Adesso Matteo sta bene, così Bonucci può tornare a pensare al calcio: “Una delle persone che hanno aiutato la mia crescita sportiva è Antonio Conte, che mi ha trasformato sul piano tecnico e tattico, e ci ha trasformati tutti alla Juve, prendendo una squadra dal settimo posto per portarla a tre scudetti consecutivi. Ha creato un gruppo di giocatori affamati. Si sarebbe potuto continuare. Lui ha deciso diversamente. Quando l’ho ritrovato in Nazionale gli ho detto, scherzando, che dieci giorni di allenamenti ai suoi ordini sono il tempo perfetto…».

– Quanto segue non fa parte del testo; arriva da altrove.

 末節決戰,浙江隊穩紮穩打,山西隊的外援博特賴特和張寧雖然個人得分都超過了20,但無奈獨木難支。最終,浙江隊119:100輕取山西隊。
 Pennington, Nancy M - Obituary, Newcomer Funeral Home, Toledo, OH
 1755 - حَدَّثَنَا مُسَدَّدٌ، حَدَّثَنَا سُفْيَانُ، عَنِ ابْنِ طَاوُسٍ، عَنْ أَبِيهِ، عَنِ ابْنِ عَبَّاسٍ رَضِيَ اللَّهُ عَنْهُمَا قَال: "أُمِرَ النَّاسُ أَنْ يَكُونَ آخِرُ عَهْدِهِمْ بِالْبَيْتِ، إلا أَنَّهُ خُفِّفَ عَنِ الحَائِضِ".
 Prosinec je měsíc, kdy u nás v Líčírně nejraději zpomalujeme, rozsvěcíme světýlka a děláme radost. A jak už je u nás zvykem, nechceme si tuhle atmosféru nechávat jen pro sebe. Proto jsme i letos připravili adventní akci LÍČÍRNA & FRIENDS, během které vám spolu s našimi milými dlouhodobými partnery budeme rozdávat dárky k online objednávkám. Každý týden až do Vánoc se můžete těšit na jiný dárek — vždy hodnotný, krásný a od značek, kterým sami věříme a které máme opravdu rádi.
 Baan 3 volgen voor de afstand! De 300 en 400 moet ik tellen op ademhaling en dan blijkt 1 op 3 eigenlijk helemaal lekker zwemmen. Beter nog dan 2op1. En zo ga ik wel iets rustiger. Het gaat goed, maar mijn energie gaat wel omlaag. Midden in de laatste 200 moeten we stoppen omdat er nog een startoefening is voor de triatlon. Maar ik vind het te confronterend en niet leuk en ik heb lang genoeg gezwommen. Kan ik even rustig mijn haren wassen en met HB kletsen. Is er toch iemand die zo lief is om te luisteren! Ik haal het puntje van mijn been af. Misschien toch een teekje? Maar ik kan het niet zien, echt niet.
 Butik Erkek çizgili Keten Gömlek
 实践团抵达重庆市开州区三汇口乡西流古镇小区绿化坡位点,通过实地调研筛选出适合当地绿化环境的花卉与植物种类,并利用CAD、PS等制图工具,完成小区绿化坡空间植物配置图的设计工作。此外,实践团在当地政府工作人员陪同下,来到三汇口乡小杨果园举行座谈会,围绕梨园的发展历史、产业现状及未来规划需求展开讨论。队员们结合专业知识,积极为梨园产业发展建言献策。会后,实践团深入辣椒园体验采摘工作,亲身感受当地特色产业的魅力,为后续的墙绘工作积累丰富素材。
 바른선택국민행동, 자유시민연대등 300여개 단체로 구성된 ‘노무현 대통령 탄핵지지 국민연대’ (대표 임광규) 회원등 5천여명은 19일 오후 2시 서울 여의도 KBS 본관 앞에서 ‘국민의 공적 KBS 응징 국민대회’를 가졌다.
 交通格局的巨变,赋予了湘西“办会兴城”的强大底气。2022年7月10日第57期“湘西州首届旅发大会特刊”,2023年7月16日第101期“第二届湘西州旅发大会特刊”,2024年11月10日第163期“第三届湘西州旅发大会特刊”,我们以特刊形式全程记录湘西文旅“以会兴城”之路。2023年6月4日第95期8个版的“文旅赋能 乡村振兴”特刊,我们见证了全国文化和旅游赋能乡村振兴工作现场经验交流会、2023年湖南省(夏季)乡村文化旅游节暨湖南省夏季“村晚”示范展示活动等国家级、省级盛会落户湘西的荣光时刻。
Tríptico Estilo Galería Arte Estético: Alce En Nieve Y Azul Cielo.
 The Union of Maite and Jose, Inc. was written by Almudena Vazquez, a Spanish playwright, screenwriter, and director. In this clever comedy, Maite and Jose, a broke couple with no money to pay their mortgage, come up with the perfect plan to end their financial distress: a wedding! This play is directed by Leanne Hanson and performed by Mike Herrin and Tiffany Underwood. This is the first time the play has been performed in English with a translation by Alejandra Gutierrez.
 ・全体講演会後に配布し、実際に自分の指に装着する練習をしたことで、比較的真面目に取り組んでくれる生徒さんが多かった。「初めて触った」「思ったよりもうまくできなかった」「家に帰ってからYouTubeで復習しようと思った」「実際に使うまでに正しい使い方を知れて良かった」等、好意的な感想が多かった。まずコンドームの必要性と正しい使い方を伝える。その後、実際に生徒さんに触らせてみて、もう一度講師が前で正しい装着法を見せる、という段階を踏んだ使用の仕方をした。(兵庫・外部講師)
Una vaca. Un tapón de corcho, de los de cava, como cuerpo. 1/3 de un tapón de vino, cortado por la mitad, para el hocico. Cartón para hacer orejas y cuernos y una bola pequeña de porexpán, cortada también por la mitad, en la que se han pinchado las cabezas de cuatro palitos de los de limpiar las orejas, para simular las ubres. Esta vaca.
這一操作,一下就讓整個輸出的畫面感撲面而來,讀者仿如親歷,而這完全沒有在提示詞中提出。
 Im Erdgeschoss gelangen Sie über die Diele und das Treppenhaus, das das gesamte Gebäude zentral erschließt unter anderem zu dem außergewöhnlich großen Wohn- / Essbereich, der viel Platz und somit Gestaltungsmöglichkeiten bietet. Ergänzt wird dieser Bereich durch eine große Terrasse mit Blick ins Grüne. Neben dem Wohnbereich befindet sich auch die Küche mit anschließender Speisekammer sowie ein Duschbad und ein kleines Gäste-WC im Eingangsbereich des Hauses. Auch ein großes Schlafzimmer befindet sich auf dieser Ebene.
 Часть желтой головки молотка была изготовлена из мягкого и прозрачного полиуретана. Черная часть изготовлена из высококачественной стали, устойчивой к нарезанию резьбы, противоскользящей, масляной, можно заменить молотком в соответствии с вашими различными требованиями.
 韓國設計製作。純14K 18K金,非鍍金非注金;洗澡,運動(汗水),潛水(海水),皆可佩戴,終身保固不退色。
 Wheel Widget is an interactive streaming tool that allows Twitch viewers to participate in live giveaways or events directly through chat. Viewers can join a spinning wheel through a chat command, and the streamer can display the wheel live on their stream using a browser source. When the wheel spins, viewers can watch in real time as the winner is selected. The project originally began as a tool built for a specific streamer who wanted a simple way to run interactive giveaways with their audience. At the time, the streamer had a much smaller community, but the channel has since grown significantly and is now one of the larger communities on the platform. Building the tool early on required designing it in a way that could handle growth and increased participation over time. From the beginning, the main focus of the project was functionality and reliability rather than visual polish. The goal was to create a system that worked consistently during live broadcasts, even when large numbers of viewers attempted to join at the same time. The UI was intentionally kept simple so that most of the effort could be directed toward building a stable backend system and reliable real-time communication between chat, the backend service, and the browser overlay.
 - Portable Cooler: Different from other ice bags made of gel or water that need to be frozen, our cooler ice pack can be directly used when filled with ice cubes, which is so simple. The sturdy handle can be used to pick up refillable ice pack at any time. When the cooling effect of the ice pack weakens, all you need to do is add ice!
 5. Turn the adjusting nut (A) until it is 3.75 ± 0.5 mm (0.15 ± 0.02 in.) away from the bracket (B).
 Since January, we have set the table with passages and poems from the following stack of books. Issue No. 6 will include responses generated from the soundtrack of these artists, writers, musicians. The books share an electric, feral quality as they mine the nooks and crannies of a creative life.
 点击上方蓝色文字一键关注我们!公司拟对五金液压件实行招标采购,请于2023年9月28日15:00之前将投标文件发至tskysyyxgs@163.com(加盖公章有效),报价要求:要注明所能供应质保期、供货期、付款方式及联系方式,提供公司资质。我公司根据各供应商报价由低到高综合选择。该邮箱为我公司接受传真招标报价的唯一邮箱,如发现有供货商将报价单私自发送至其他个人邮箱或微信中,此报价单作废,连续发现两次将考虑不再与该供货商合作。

Un carattere schivo quello di Bonucci, residuo di un’adolescenza solitaria: “Sono fatto così, forse per la mia gioventù. Indosso un’armatura. Sono una mente tanto pensante e una bocca poco parlante. Lo ammetto, la diffidenza è un mio limite, i miei veri amici sono pochissimi. La ragione della maglia 19? Un altro lascito di Ferrarini, appassionato di numerologia e simbolismi. Difficile da spiegare. Le dico soltanto che il numero 19 è presente nella data di nascita di mia moglie e dei miei figli e nel giorno del nostro matrimonio. Ed è il motivo per cui ho voluto firmare il rinnovo del contratto con la Juventus il 19 dicembre. Chelsea? Vorrei diventare una leggenda qui”. Infine, il difensore bianconero racconta il curioso derby di casa Bonucci: “Mio figlio Lorenzo tifa Torino ma non posso farci nulla, a meno che non gli proibisca di frequentare i suoi migliori amici dell’asilo. Ci corre per casa imitando la cresta di Gallo Belotti. Voleva farsi stampare sul retro della maglia granata il nome di Pogba…gli ho detto di no, questo proprio non me lo poteva fa’!”